Я использовал конвейеры «масштабирование» и «кодирование» для предварительной обработки моего набора данных для методов нейронной сети deephit и deepsurv в следующих кодах:
task.mlr <- TaskSurv$new(id = "id", backend = dataset, time = time, event = status)
inner.rsmp <- rsmp("cv", folds = 5)
measure <- msr("surv.cindex")
tuner <- tnr("random_search")
terminator <- trm("evals", n_evals = 30)
deephit.learner <- lrn("surv.deephit", optimizer = "adam", epochs = 50)
nn.search_space <- ps(dropout = p_dbl(lower = 0, upper = 1),alpha = p_dbl(lower = 0, upper = 1))

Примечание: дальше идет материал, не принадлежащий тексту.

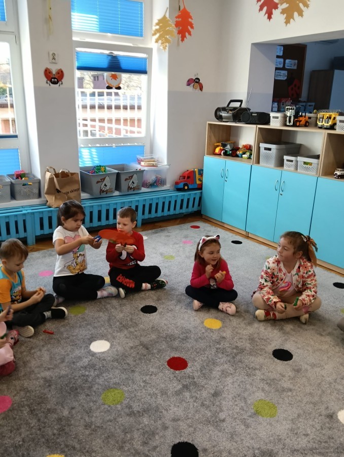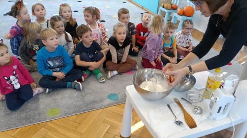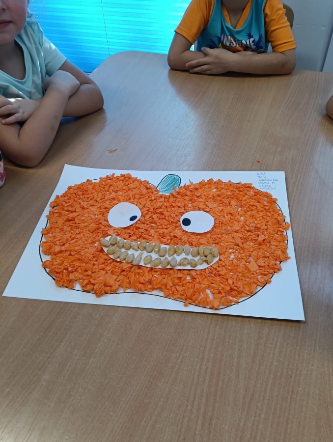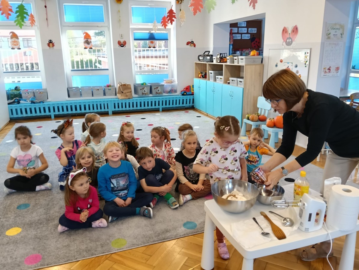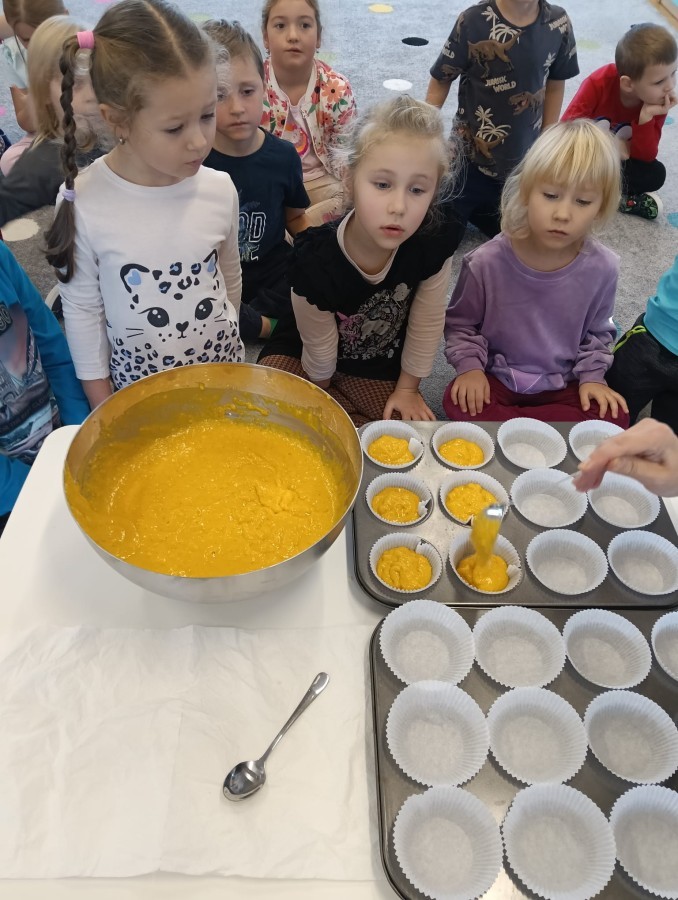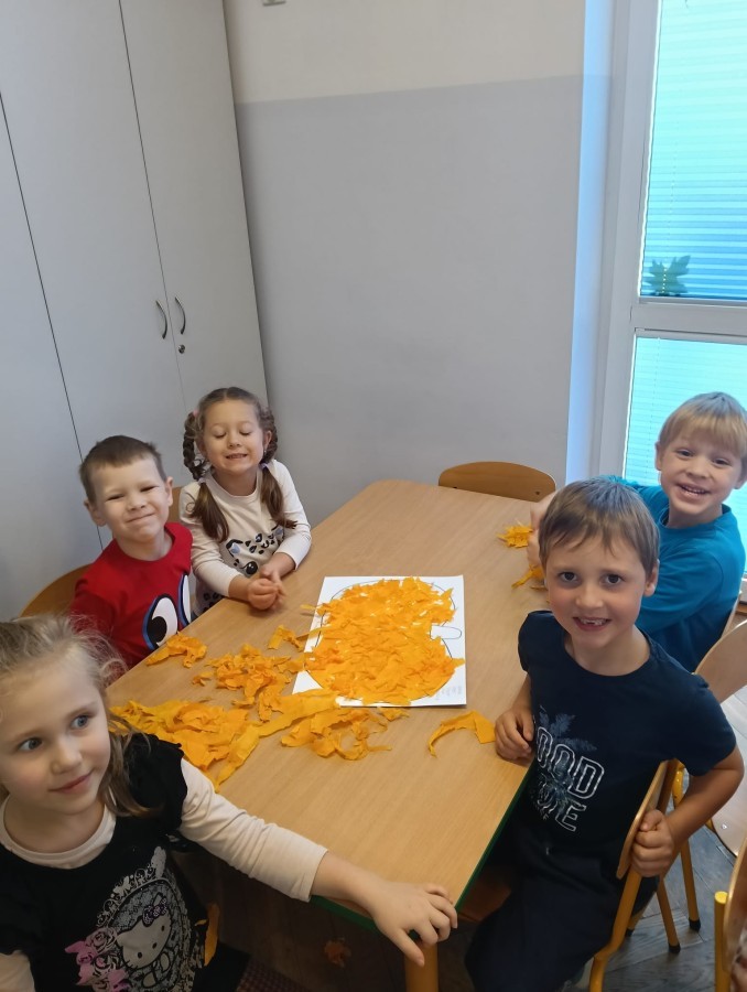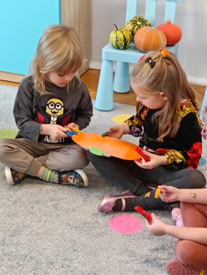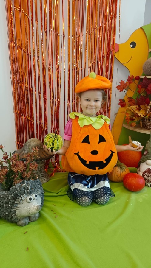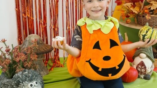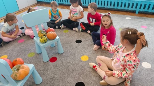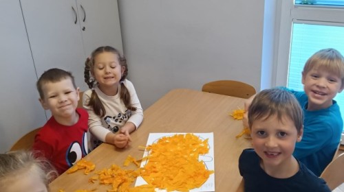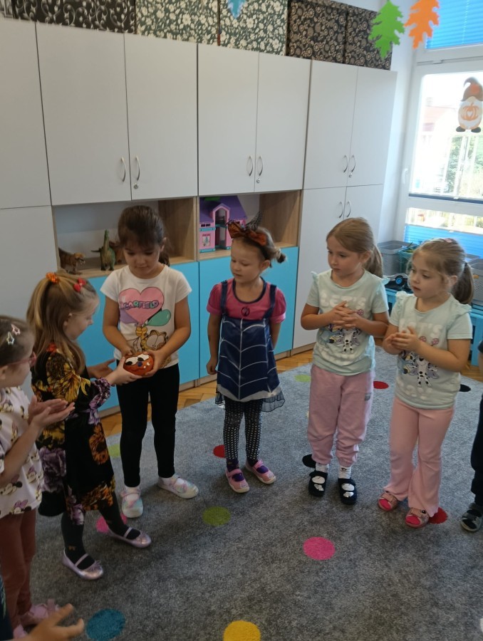 W dniu dzisiejszym obchodziliśmy w naszym przedszkolu Święto Dyni. Był to kolejny kolorowy, wesoły, jak również zdrowy dzień. Od samego rana towarzyszyła nam dynia w zabawach, piosenkach i pracy plastycznej. Dynia była również w przepisie, z którego upiekliśmy pyszne "Dyniowe babeczki". Na koniec dnia mieliśmy kolejną atrakcję: foto-ściankę, na której pozowaliśmy w pięknym pomarańczowym stroju dyni.

deephit.learner <- po("encode") %>>% po("scale") %>>% po("learner", deephit.learner)
deephit.instance <- TuningInstanceSingleCrit$new(
task = task.mlr,
learner = deephit.learner,
search_space = nn.search_space,
resampling = inner.rsmp,
measure = measure,
terminator = terminator
)
tuner$optimize(deephit.instance)
Но когда я запускаю последнюю строку, она показывает ошибку ниже:
Error in self$assert(xs):
Assertion on 'xs' failed: Parameter 'dropout' not available. Did you mean 'encode.method'/'encode.affect_columns' / 'scale.center'?.
Я действительно ценю вашу помощь.
Ответ №1:
Привет, спасибо за использование mlr3proba! Причина этого заключается в том, что имена параметров меняются при включении в конвейер, вы можете увидеть это в примере ниже. Есть несколько вариантов решения этой проблемы: вы можете изменить идентификаторы параметров в соответствии с новыми именами после переноса в конвейеры (вариант 1 ниже), или вы можете сначала указать диапазоны настройки для учащегося, а затем перенести его в конвейер (вариант 2 ниже), или вы можете использовать автонастройку и перенести это в конвейеры. Я использую последний вариант в этом уроке.
library(mlr3proba)
library(mlr3)
library(paradox)
library(mlr3tuning)
library(mlr3extralearners)
library(mlr3pipelines)
task.mlr <- tsk("rats")
inner.rsmp <- rsmp("holdout")
measure <- msr("surv.cindex")
tuner <- tnr("random_search")
terminator <- trm("evals", n_evals = 2)
###########
# Option 1
###########
deephit.learner <- lrn("surv.deephit", optimizer = "adam", epochs = 50)
deephit.learner <- po("encode") %>>% po("scale") %>>% po("learner", deephit.learner)
deephit.learner$param_set$ids()
#> [1] "encode.method" "encode.affect_columns"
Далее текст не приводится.